Cuando el SAT detecta recursos que no guardan relación con los ingresos reportados, puede emitir un requerimiento formal para que el contribuyente explique el origen del dinero y aporte documentación que lo respalde. La respuesta debe presentarse bajo protesta de decir verdad y acompañarse con pruebas suficientes.
Qué ocurre si existen depósitos (ingresos) no declarados
La consecuencia dependerá del origen de los depósitos observados. Si corresponden a ingresos gravados que no fueron incluidos en la declaración anual, el SAT puede solicitar la presentación de declaraciones complementarias.
Por otro lado, si el contribuyente sostiene que esos recursos no son acumulables para efectos del ISR, deberá demostrarlo con documentación. Es común que las diferencias provengan de conceptos como:
- Préstamos
- Transferencias entre cuentas propias
- Donativos o regalos
- Devoluciones
- Otros recursos con tratamiento fiscal específico
Sin un respaldo adecuado, la autoridad puede presumir que se trata de ingresos omitidos y, en consecuencia, reducir el saldo a favor o incluso determinar un impuesto pendiente de pago.
Por qué el SAT puede conocer los movimientos de tus cuentas
Las instituciones financieras tienen obligaciones de información frente a la autoridad fiscal. Esto permite al SAT contar con datos sobre los movimientos bancarios y compararlos con las declaraciones presentadas por los contribuyentes.

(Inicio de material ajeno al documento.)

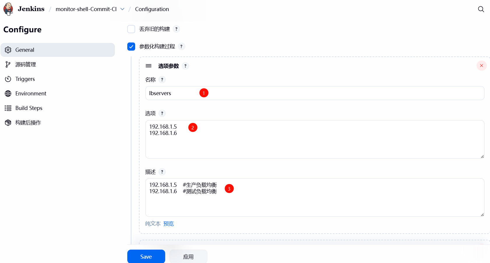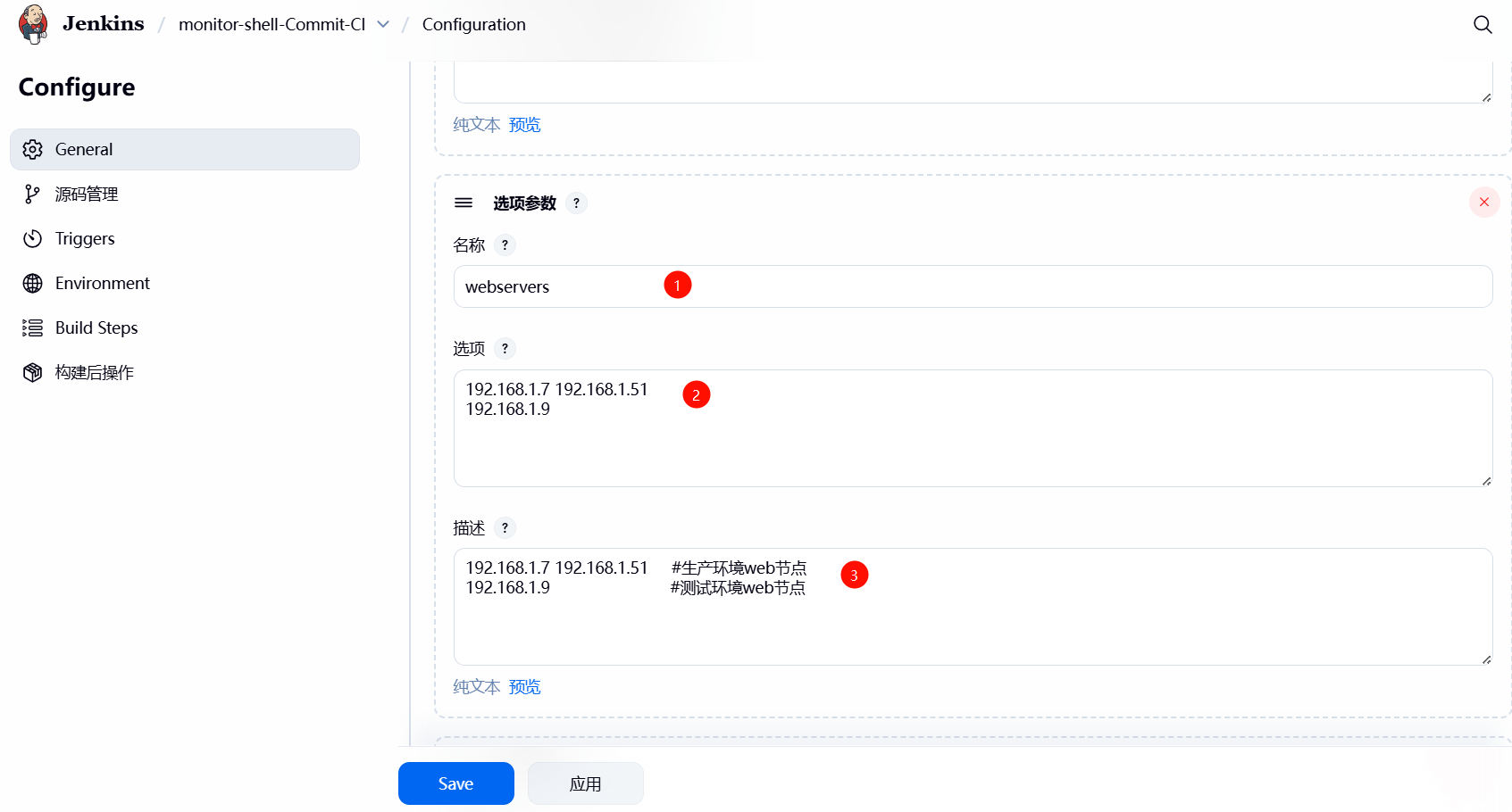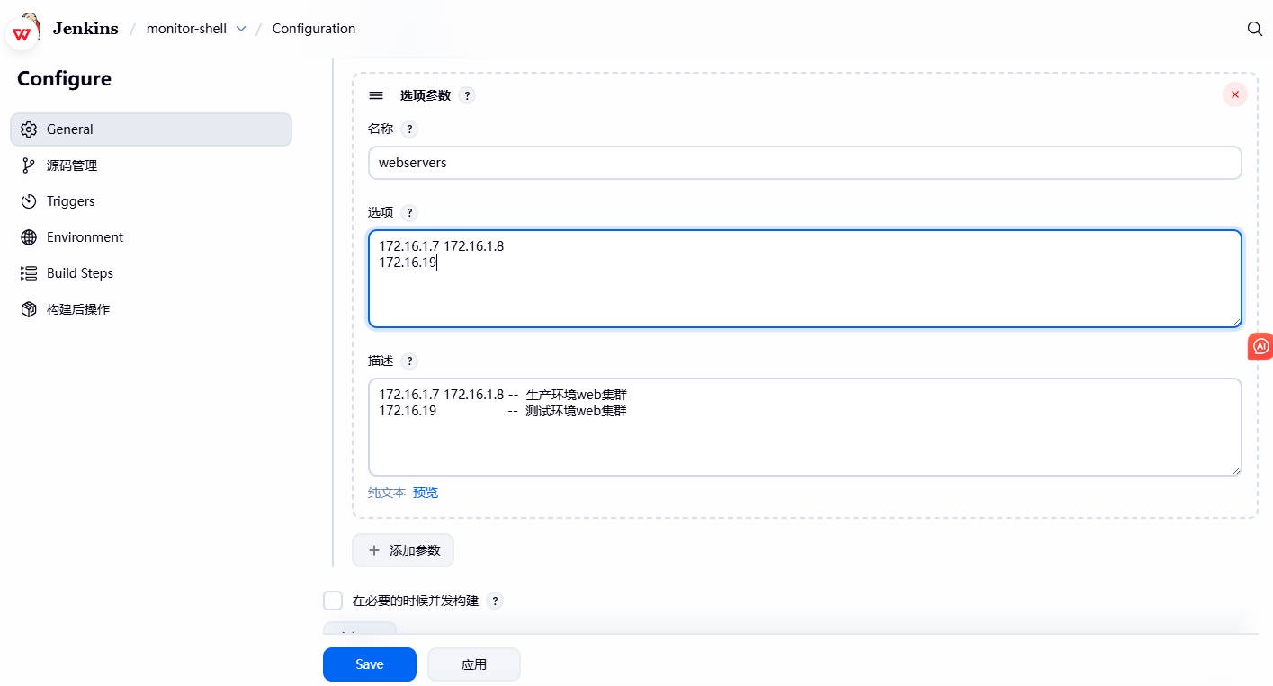1、在 Shell 脚本中,使⽤到了 webservers、lbservers 、git_commit_id 三个变量,需要通过 jenkins 选项参数,进⾏动态传参;

Por ello, la revisión no depende únicamente de los CFDI emitidos. El organismo cuenta con herramientas para identificar inconsistencias y, antes de resolver una devolución, puede solicitar aclaraciones.
El requerimiento representa precisamente la oportunidad para que el contribuyente explique las diferencias antes de que la autoridad tome una decisión definitiva.
Qué hacer si recibiste un requerimiento del SAT
Lo primero es revisar cuidadosamente el ejercicio y las inconsistencias señaladas por la autoridad. Esa información permitirá identificar qué documentos deben reunirse.
Después, conviene realizar una conciliación entre los CFDI de nómina y los estados de cuenta bancarios para verificar que cada depósito esté plenamente identificado.
También es importante reunir la documentación que explique cualquier movimiento que no corresponda a ingresos por salarios. Contratos de préstamo, comprobantes de transferencias entre cuentas propias, facturas o documentos de devoluciones pueden ser determinantes para acreditar el origen de esos recursos.
Finalmente, la respuesta debe enviarse dentro del plazo establecido en el requerimiento. Ignorar la notificación o dejar transcurrir el tiempo puede provocar que la devolución sea rechazada o que la autoridad determine un impuesto a cargo.
La mejor estrategia es prepararse antes de presentar la devolución
Incluso quienes aún no han recibido un requerimiento pueden tomar medidas preventivas. Conservar los estados de cuenta organizados por ejercicio, identificar claramente el origen de cada depósito y mantener un expediente documental actualizado facilita atender cualquier revisión.
La razón es sencilla: cuando llega un requerimiento del SAT, el plazo para responder suele ser limitado y reunir la información bajo presión puede convertirse en una tarea complicada.
Conclusión sobre los depósitos no declarados
Las devoluciones de saldo a favor se han convertido en procesos de revisión más minuciosos. El SAT ya no se limita a revisar la declaración anual, sino que también compara los ingresos reportados con los movimientos bancarios del contribuyente.
Por ello, solicitar una devolución implica estar preparado para demostrar el origen de cada depósito. Tener la documentación en orden y responder oportunamente puede ser la diferencia entre recibir el saldo a favor o enfrentar observaciones que terminen en una negativa o incluso en un impuesto por pagar.